(Source data)
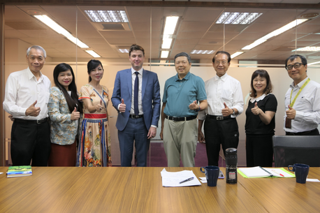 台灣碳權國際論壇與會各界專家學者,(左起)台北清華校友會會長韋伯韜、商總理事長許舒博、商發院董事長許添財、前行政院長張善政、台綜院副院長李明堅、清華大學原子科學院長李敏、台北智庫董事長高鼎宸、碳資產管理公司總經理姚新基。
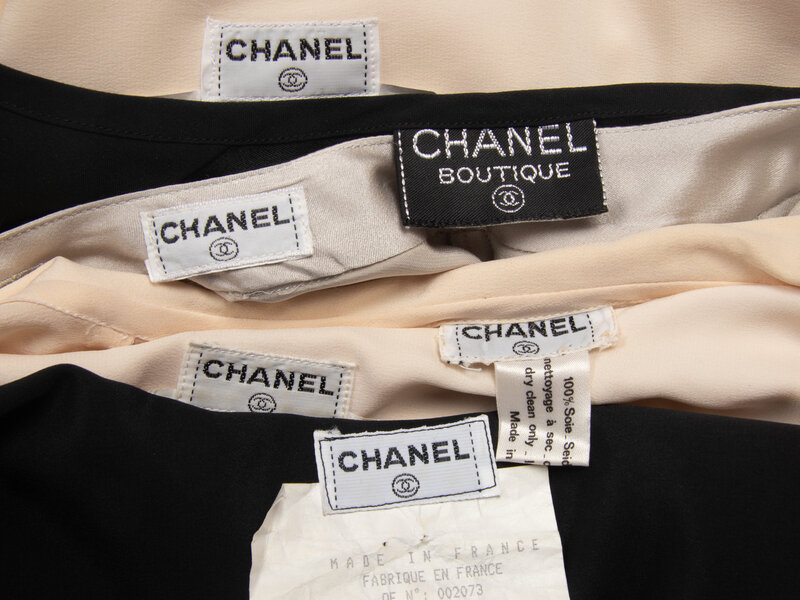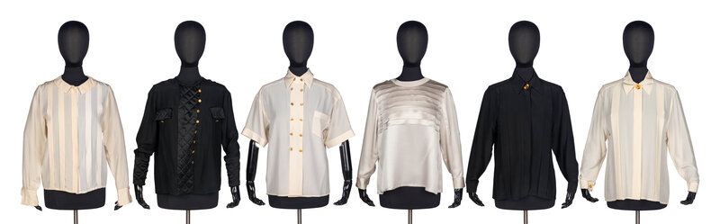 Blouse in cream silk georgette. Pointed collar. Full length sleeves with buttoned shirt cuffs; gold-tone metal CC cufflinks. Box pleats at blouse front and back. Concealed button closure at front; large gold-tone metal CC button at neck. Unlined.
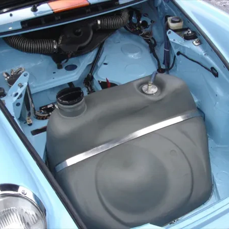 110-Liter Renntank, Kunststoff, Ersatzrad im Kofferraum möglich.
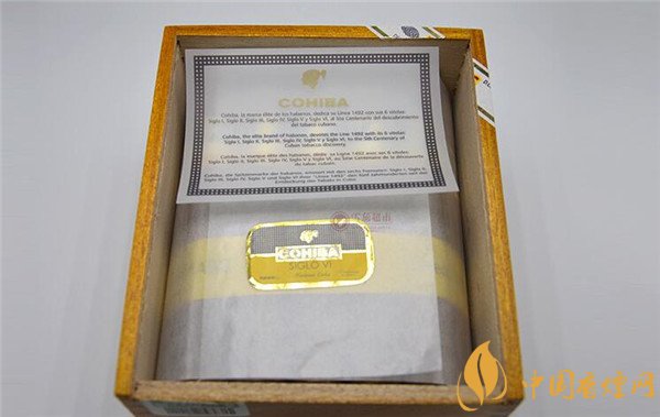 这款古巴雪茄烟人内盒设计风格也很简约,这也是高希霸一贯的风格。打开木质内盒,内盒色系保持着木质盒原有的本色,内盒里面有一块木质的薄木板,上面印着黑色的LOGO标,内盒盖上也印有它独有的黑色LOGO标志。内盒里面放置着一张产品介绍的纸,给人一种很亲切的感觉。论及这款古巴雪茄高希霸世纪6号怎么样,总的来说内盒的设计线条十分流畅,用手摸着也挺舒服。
(End Source data)
**Brief**
Reproduce the lines above letter for letter. The pictures stay behind.

**The answer**
 台灣碳權國際論壇與會各界專家學者,(左起)台北清華校友會會長韋伯韜、商總理事長許舒博、商發院董事長許添財、前行政院長張善政、台綜院副院長李明堅、清華大學原子科學院長李敏、台北智庫董事長高鼎宸、碳資產管理公司總經理姚新基。
 Blouse in cream silk georgette. Pointed collar. Full length sleeves with buttoned shirt cuffs; gold-tone metal CC cufflinks. Box pleats at blouse front and back. Concealed button closure at front; large gold-tone metal CC button at neck. Unlined.
 110-Liter Renntank, Kunststoff, Ersatzrad im Kofferraum möglich.
 这款古巴雪茄烟人内盒设计风格也很简约,这也是高希霸一贯的风格。打开木质内盒,内盒色系保持着木质盒原有的本色,内盒里面有一块木质的薄木板,上面印着黑色的LOGO标,内盒盖上也印有它独有的黑色LOGO标志。内盒里面放置着一张产品介绍的纸,给人一种很亲切的感觉。论及这款古巴雪茄高希霸世纪6号怎么样,总的来说内盒的设计线条十分流畅,用手摸着也挺舒服。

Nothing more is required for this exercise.